WHAT IS BEING ASKED
Starting from the line with "한국종축개량협회(회장 이재윤)는 지난", please copy exactly every line to the end of the listing, but not the pictures.

GIVEN MATERIAL
== Segment start ==
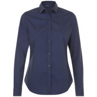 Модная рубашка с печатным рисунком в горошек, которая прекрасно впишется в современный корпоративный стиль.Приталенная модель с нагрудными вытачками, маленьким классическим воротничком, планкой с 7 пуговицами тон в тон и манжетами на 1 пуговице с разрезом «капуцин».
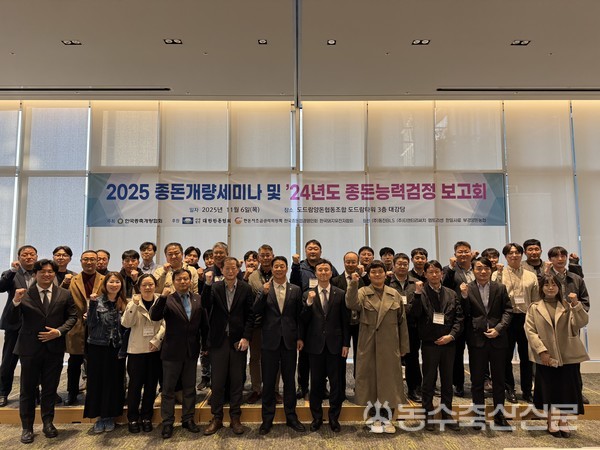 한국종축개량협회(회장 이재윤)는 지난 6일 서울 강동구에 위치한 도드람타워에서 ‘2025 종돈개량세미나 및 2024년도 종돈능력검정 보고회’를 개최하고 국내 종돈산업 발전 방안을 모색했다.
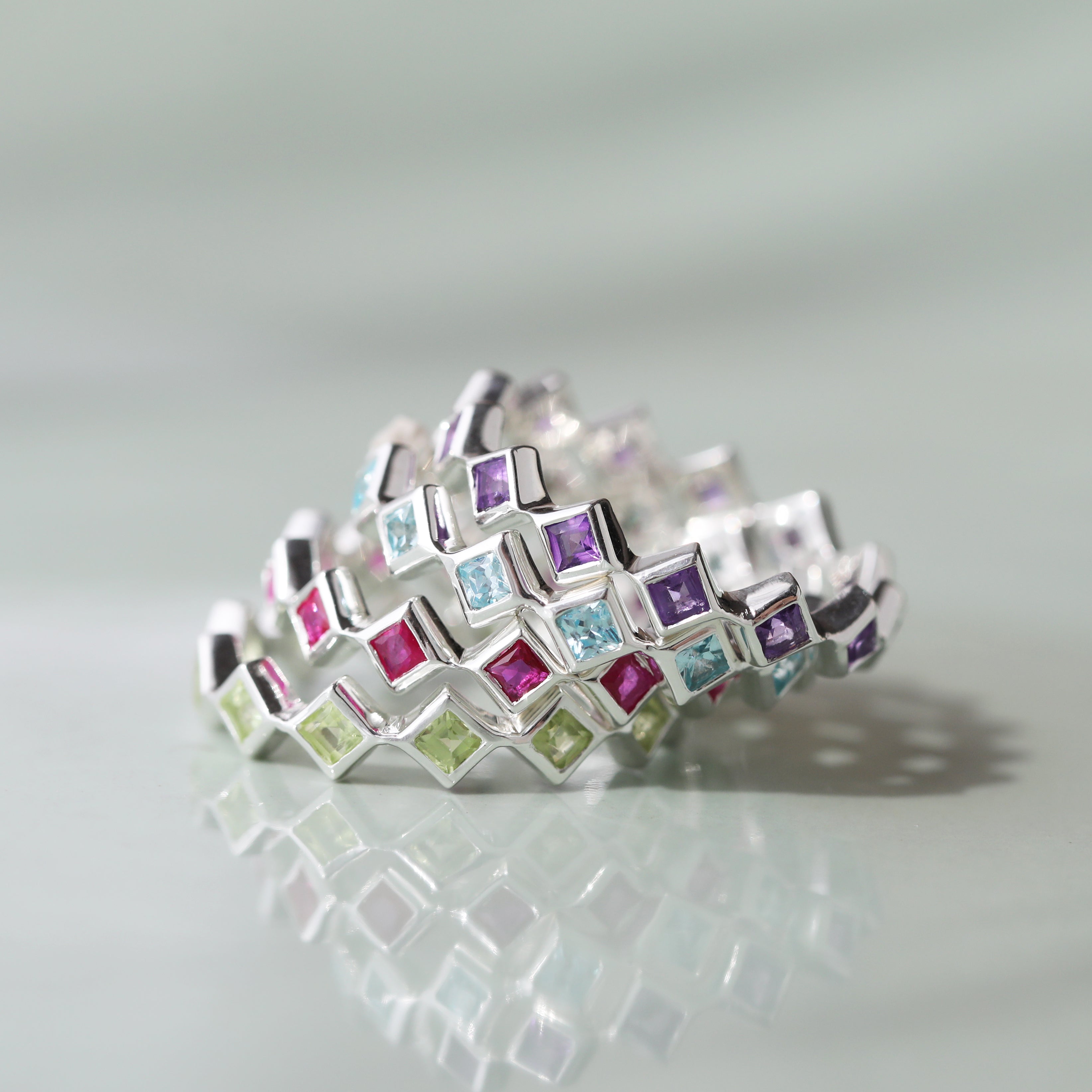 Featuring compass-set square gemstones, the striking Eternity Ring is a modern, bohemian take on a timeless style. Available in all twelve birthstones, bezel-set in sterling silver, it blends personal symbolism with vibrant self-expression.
== Segment end ==
OUTPUT OF THE TASK
 한국종축개량협회(회장 이재윤)는 지난 6일 서울 강동구에 위치한 도드람타워에서 ‘2025 종돈개량세미나 및 2024년도 종돈능력검정 보고회’를 개최하고 국내 종돈산업 발전 방안을 모색했다.
 Featuring compass-set square gemstones, the striking Eternity Ring is a modern, bohemian take on a timeless style. Available in all twelve birthstones, bezel-set in sterling silver, it blends personal symbolism with vibrant self-expression.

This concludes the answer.